If we take these projections as a range, it means that Auckland will add between 29,200 and 36,000 housing units over the next two years. This is significantly more than the 21,000 units added in the three years prior to upzoning. Auckland's housing stock will increase by between 5% and 6%, or between 16 and 20 units per 1,000 people*. This should have a significant impact on affordability, beyond what we have already seen.

One interesting question is whether Auckland will build more than 20,000 units in a single year in the next few years. This would be unprecedented, as the previous high for approved units was around 13,000 before upzoning, so I am inherently sceptical. But it’s more more plausible than you might think. The current average number of approved units per year is 21,985, so hitting 20,000 would require completed units to be around 90% of approved units, which is not historically abnormal. Additionally the number of approved units is still increasing. If approvals hit around 23,000 per year, the possibility of completing over 20,000 in the 2 years following would be more likely.

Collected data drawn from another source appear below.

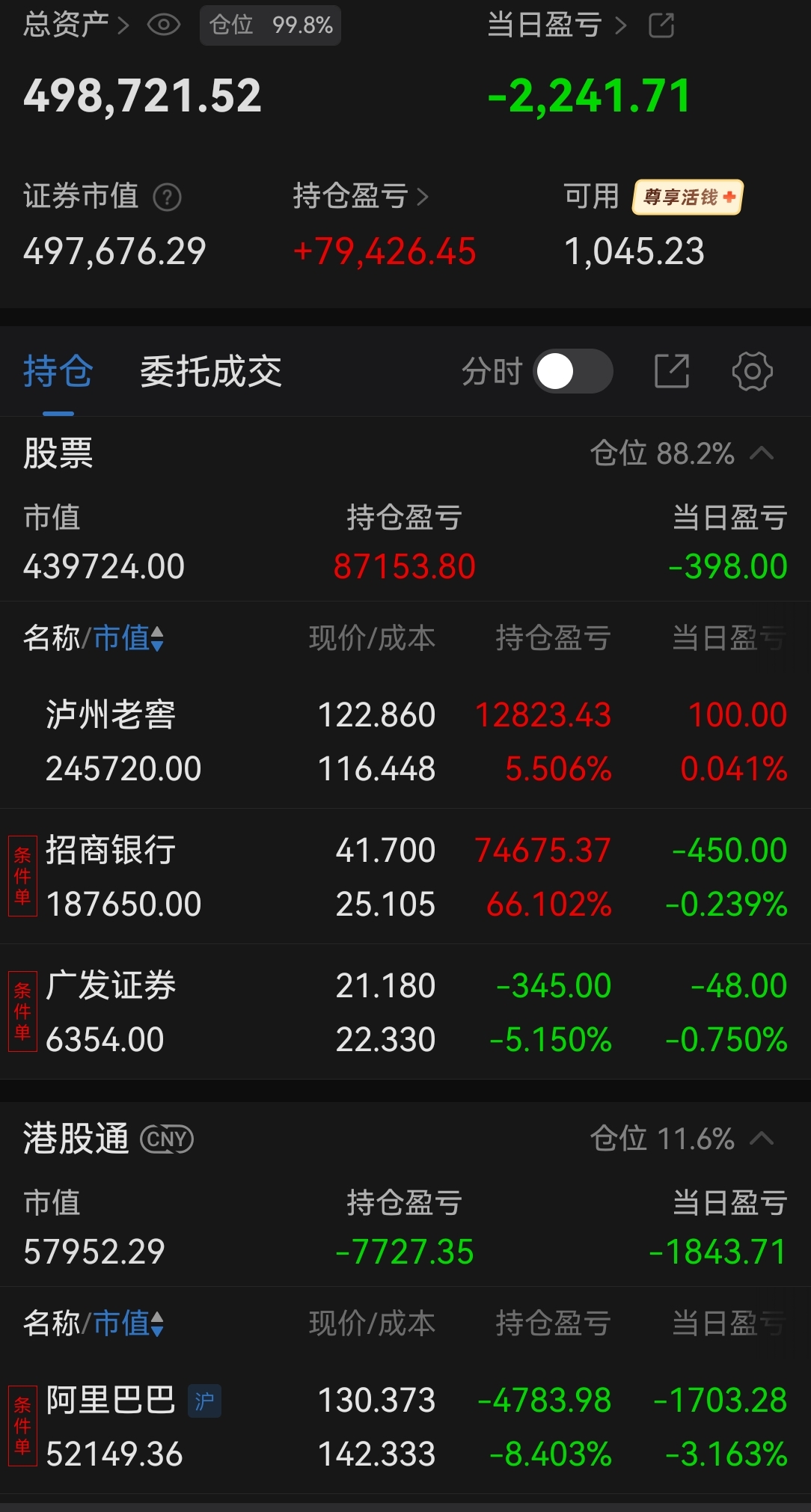 今天浮亏2300元左右,无操作。今天阿里巴巴跌得更厉害了。
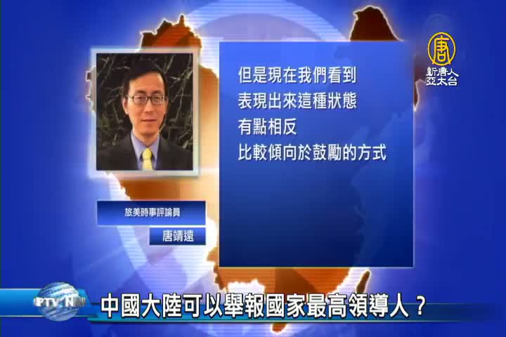 旅美時事評論員 唐靖遠:「也就是說,這次最高檢出臺的對於可以匿名舉報最高領導人,很多的媒體的甚至標題都是這麼取的,這種輿論引導的方向,我覺得至少它在客觀上,主觀上是不是有暗示矛頭有對準江澤民這個,我們至少目前沒有這個確鑿的證據去這麼說,但是,在我個人看來,這個規定的出臺,在客觀上,很可能會在中國大陸掀起又一波,對江澤民進行起訴和舉報的這麼一個高潮。」
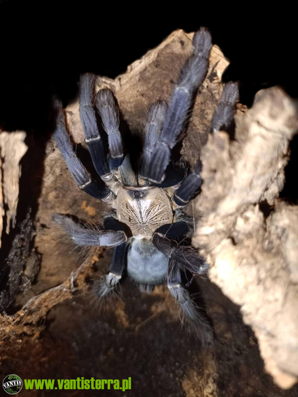 Ptasznik kobaltowy. Ptasznik azjatycki, ma ciekawe brązowo-niebieskie ubarwienie. Kopie nory....
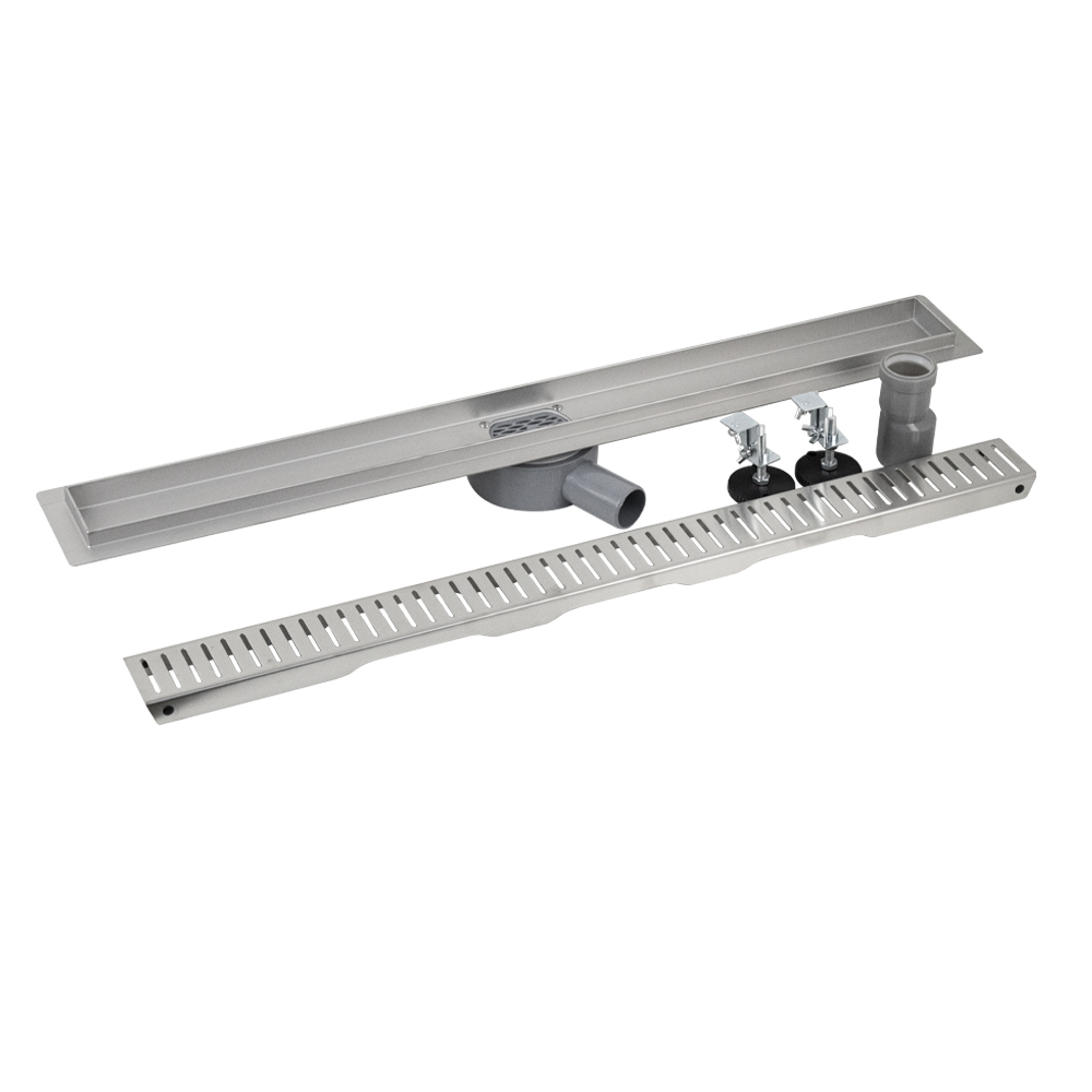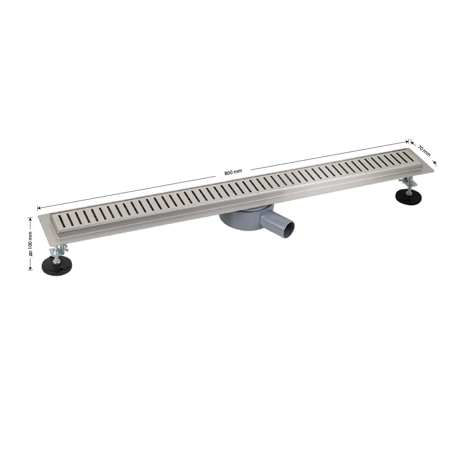 Душевой сливной трап из нержавеющей стали, линейный, горизонтальный, с гидрозатвором , с регулируемыми ножками и бортиком под плитку шириной 20 мм с четырёх сторон – это специальный элемент сантехнических коммуникаций, предназначенный для отвода воды в систему канализации. Как правило, душевые трапы устанавливаются непосредственно в пол. Благодаря небольшим габаритам и высоте душевые трапы идеальны для установки в душевых зонах. Это важно для организации пространства, где нет возможности установить классическую ванну: в малогабаритных квартирах, студиях, совмещенных санузлах и т.п. Габаритные размеры: высота до 100 мм, ширина 70 мм, длина 800 мм, выход в канализацию 50 мм. В комлекте идут регулируемые ножки высотой до 10 мм от пола, вращающийся слив на 360°. Вес - 3,200 кг, объём - 0,01227 м3
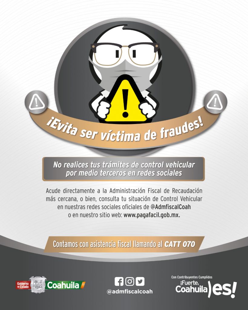 “No se dejen engañar, los servicios de la AFG son totalmente gratuitos, por lo tanto no necesitan de terceras personas a través de redes sociales para realizar sus trámites. Hay que tener cuidado con publicaciones falsas, las cuales ofrecen descuentos por distintos trámites de control vehicular, que son completamente ajenas al Gobierno del Estado de Coahuila”, alertó, Díaz González.
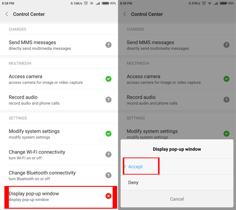 3. Tap pada Display pop-up windows (Tampil jendela pop-up) dan pilih Accept atau Terima.
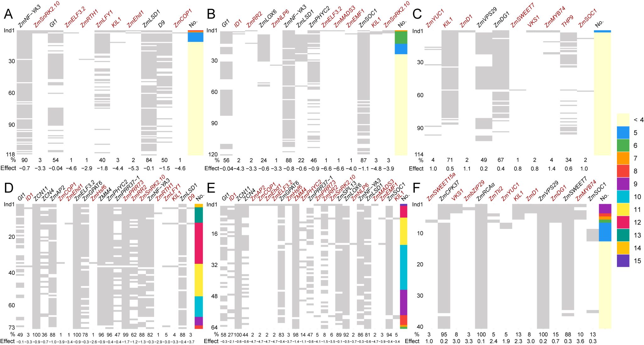 圖4 早花和高產(chǎn)玉米種質(zhì)前10%的已知基因和GEIs的優(yōu)異單倍型分布
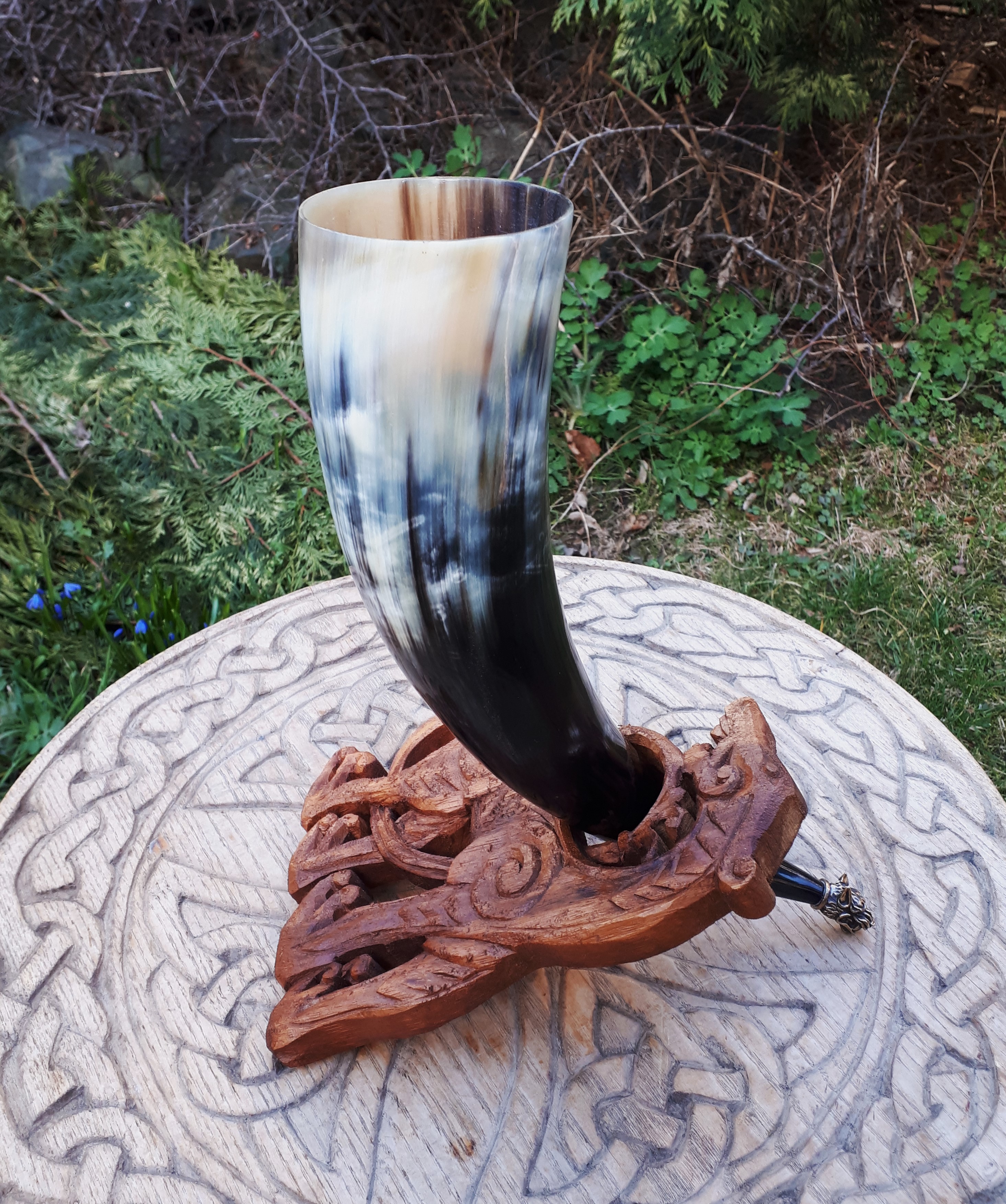 Wykonany z naturalnego rogu bydła afrykańskiego watussi. Idealny do wznoszenia toastów i zaspokajania pragnienia. Warto mieć go zawsze przy sobie jak prawdziwy wiking.

Upzoning in Auckland has defied many expectations of how housing markets behave. Despite facing challenges such as rising interest rates, high construction costs, and falling house prices, both housing completions and consents have continued to rise. This is a testament to the power of upzoning to increase the supply of housing, even in challenging economic conditions. It shows that when people are given the opportunity to build more housing, they will do so, leading to increased supply and improved affordability. This has been a significant success for Auckland and a valuable lesson for other cities looking to improve their housing markets.

*Note these numbers (as well as the comparison numbers) assume no demolitions, as there is no data available on demolitions in Auckland.